Scientific Method
By Paul Tran
Of course I chose the terry cloth surrogate. Milkless
artifice. False idol. Everyone, I’m told, has a mother,
but Master bred me in a laboratory, his colony
of orphans. Rhesus macaque. Macaca mulatta. Old
World monkeys, my matriarchs ruled the grasslands
and forests long before white men like him weaned
their whiteness and maleness from our chromosomes,
slashed and burned our home, what they once called
The Orient. French Indochina. Việt Nam. Master,
like a good despot, besotted and dumbstruck, dying
to discern the genesis of allegiance, the science of love
and loss, nature versus nurture, segregated me at birth
from my maker, pelt sopping with placental blood.
In a chamber where he kept track of me, his pupils
recorded my every movement, my every utterance,
hoping I might evince to them a part of themselves.
But I wasn’t stupid. I knew famine and emaciation,
and nevertheless I picked that lifeless piece of shit
because it was soft to hold. Who wouldn’t want that?
Though it couldn’t hold me, I clung to the yellow-face
devil as though it was my true mother and I grasped
the function of motherhood: witness to my suffering,
companion in hell. Unlike infants with wire mothers
I didn’t hurl myself on the floor in terror or tantrum,
rocking back and forth, colder than a corpse. I had
what Master believed to be a psychological base
of operations. Emotional attachment. Autonomy.

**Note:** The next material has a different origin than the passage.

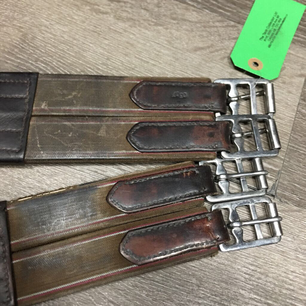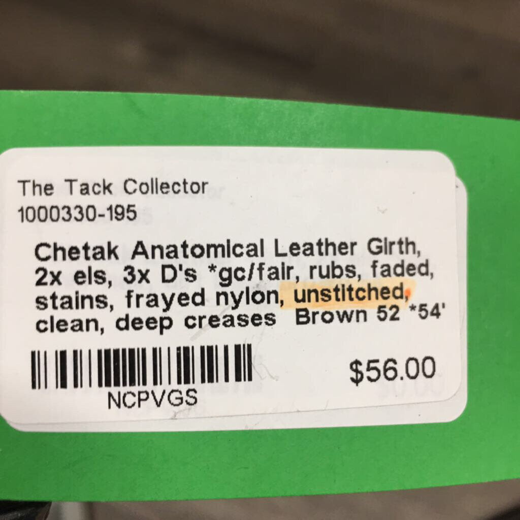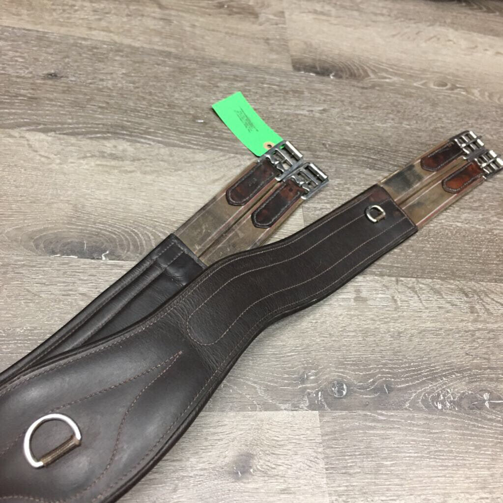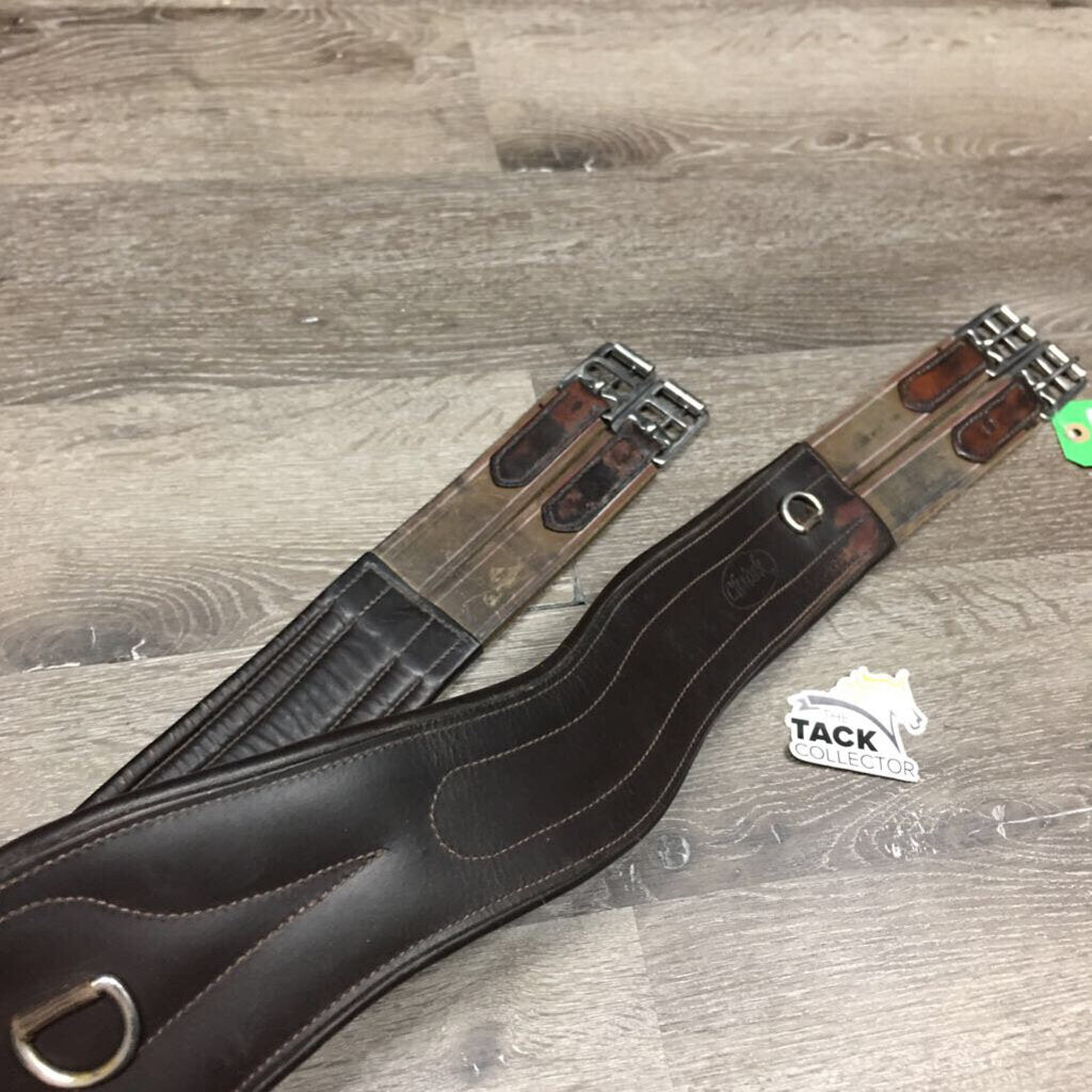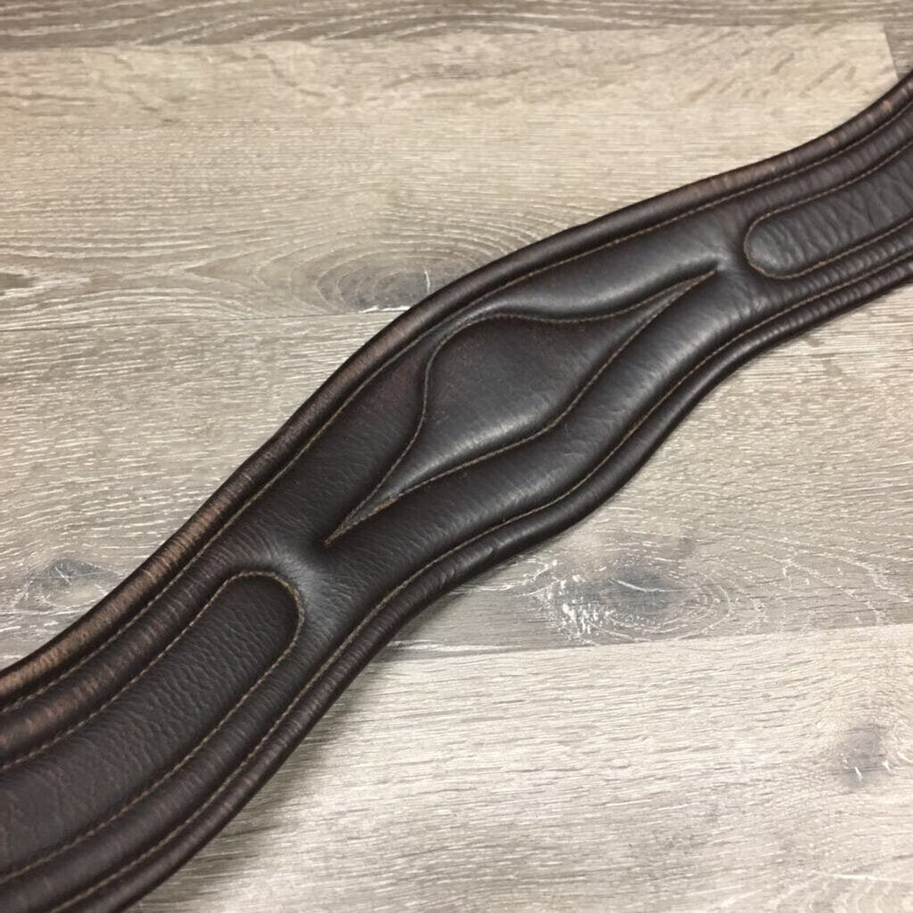 Anatomical Leather Girth, 2x els, 3x D's *gc/fair, rubs, faded, stains, frayed nylon, unstitched, clean, deep creases

Everything he denied and did to me, his ceaseless
cruelty concealed as inquisition, unthinkable until
it was thought, I endured by keeping for myself
the wisdom he yearned to discover and take credit
for. Love, like me, is a beast no master can maim,
no dungeon can discipline. Love is at once master
and dungeon. So don’t underestimate me. Simple-
minded and subservient as I might appear to be,
I gathered more about Master than he did
about me, which, I guess, is a kind of fidelity
conceived not from fondness but fear magnified
by fascination. Master made me his terry cloth
surrogate, his red-clawed god, nursing his id
on my tits, and for that, I pitied him. All this time
he was the animal. All this time he belonged to me.